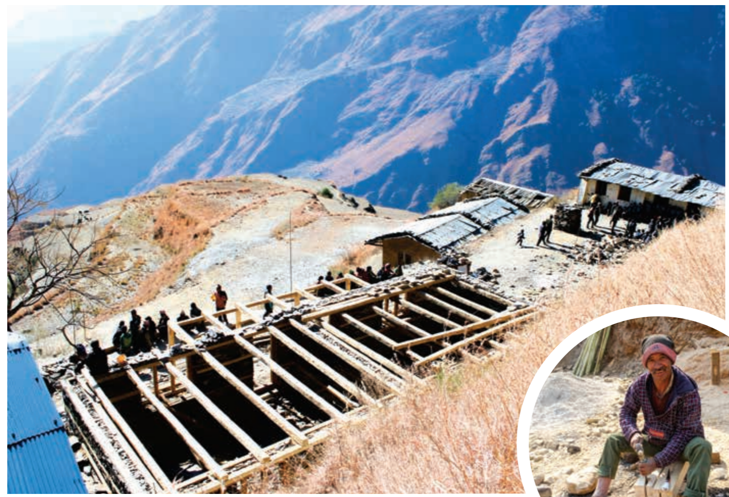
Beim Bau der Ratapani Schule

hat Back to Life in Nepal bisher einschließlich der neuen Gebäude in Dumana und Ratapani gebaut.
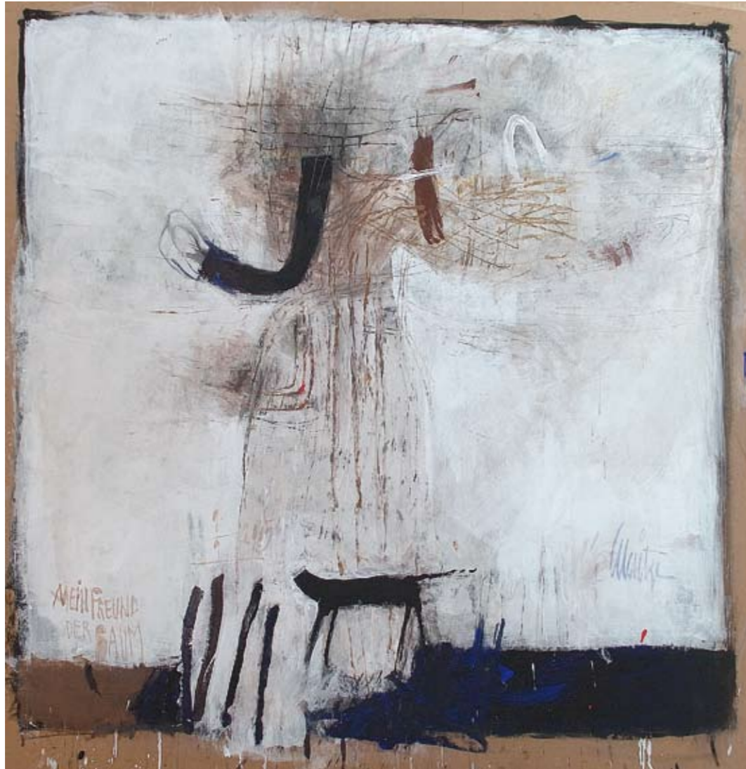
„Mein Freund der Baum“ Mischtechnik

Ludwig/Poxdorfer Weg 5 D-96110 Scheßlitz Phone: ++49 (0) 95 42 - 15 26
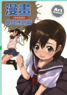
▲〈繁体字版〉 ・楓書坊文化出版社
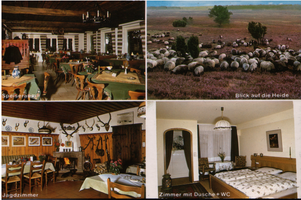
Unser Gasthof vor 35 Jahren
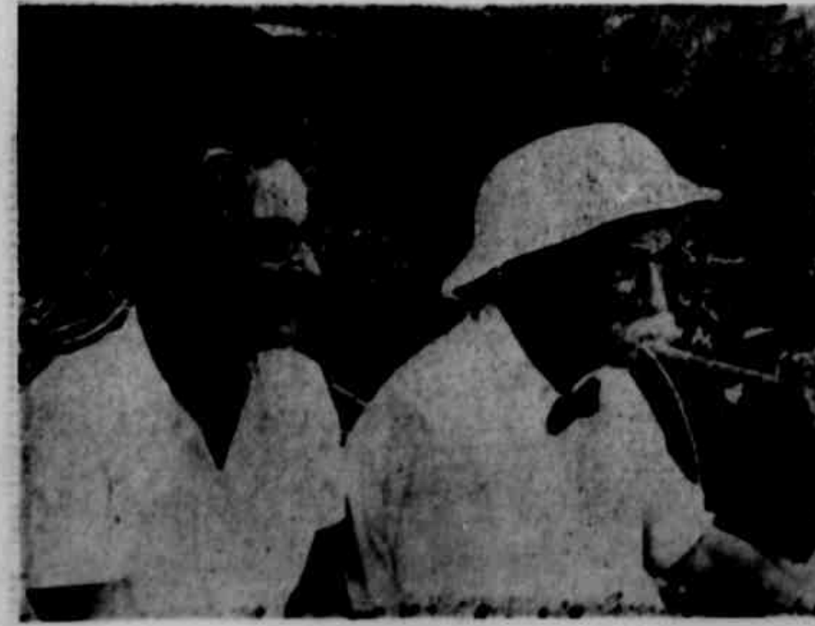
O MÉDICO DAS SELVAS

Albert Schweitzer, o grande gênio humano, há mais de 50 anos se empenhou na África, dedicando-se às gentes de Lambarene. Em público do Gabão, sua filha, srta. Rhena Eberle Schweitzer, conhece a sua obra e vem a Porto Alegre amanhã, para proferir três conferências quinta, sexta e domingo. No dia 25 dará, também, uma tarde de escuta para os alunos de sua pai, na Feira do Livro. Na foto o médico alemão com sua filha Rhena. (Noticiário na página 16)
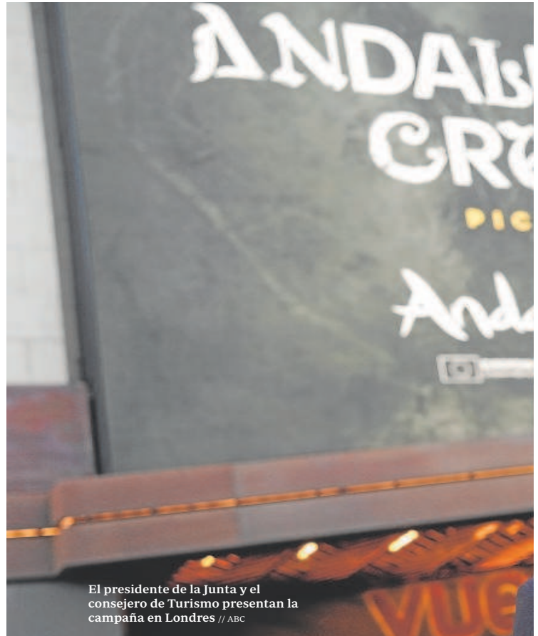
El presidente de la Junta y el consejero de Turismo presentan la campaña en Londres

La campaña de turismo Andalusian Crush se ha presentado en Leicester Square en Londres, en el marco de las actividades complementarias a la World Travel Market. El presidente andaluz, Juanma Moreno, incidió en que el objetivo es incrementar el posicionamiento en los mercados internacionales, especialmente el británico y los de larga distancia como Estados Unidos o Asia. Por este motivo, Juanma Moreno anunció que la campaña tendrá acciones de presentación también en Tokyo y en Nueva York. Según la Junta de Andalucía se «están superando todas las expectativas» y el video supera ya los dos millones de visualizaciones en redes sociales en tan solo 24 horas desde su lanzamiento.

※ ※ ※

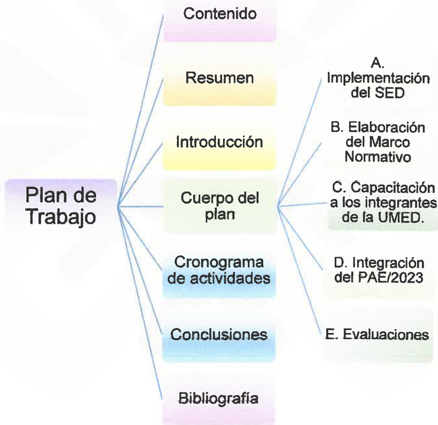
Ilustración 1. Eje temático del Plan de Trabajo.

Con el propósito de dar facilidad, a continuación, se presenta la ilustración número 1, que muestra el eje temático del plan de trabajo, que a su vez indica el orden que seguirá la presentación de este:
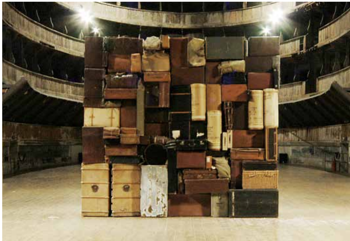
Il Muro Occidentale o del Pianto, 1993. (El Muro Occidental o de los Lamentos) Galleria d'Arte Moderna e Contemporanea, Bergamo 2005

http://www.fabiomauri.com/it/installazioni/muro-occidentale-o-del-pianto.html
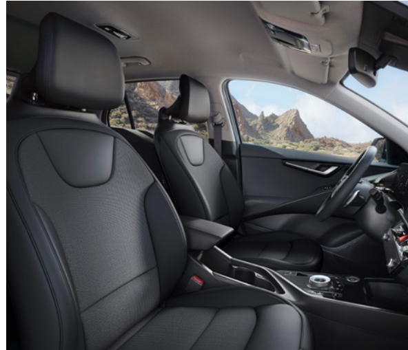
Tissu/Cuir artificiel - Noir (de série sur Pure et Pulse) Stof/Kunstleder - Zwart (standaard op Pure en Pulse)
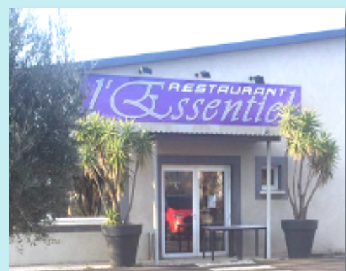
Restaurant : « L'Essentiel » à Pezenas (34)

※ ※ ※

ACTION ITEM>
Restate word for word every line from the one with "Ludwig/Poxdorfer Weg 5" up to and including the one with "La campaña de" in the records above, minus the pictures.

ANSWER SPACE>
Ludwig/Poxdorfer Weg 5 D-96110 Scheßlitz Phone: ++49 (0) 95 42 - 15 26
▲〈繁体字版〉 ・楓書坊文化出版社
Unser Gasthof vor 35 Jahren
O MÉDICO DAS SELVAS

Albert Schweitzer, o grande gênio humano, há mais de 50 anos se empenhou na África, dedicando-se às gentes de Lambarene. Em público do Gabão, sua filha, srta. Rhena Eberle Schweitzer, conhece a sua obra e vem a Porto Alegre amanhã, para proferir três conferências quinta, sexta e domingo. No dia 25 dará, também, uma tarde de escuta para os alunos de sua pai, na Feira do Livro. Na foto o médico alemão com sua filha Rhena. (Noticiário na página 16)
El presidente de la Junta y el consejero de Turismo presentan la campaña en Londres

La campaña de turismo Andalusian Crush se ha presentado en Leicester Square en Londres, en el marco de las actividades complementarias a la World Travel Market. El presidente andaluz, Juanma Moreno, incidió en que el objetivo es incrementar el posicionamiento en los mercados internacionales, especialmente el británico y los de larga distancia como Estados Unidos o Asia. Por este motivo, Juanma Moreno anunció que la campaña tendrá acciones de presentación también en Tokyo y en Nueva York. Según la Junta de Andalucía se «están superando todas las expectativas» y el video supera ya los dos millones de visualizaciones en redes sociales en tan solo 24 horas desde su lanzamiento.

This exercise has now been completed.